Maryland Loses Triple-A Bond Rating Amid Economic Concerns
By Brian Witte, Annapolis, Md. (AP) — Maryland’s long-held triple-A bond rating from Moody’s was downgraded to Aa1 on Wednesday, a significant shift after 50 years of top ratings signifying strong fiscal management. The downgrade is attributed to the state’s economic lag compared to higher-rated peers and its vulnerability to federal policy shifts, as well as elevated fixed costs.
Governor Wes Moore and Democratic leaders linked the downgrade to former President Donald Trump’s federal worker layoffs, which they argue have adversely impacted Maryland’s economy. “This is a Trump downgrade,” they stated in a joint press release, highlighting the negative effects of recent federal decisions on the region.

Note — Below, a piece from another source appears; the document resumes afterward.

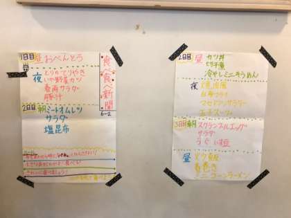 入浴タイムが終わり いよいよ夕食タイムが近づいてきました。食事係が 食べ食べ新聞を作っています。

In contrast, Maryland Republicans criticized the Democrats, asserting that the downgrade reflects reckless spending and mismanagement in Annapolis. “Donald Trump didn’t downgrade Maryland’s bond rating — Annapolis Democrats did,” said Senate Minority Leader Steve Hershey.
Despite the downgrade, Maryland recently closed a $3.3 billion budget deficit through tax increases and budget cuts, with lawmakers emphasizing their commitment to meeting financial obligations. They acknowledged ongoing risks from federal funding cuts while maintaining that Maryland retains one of the highest credit ratings nationwide.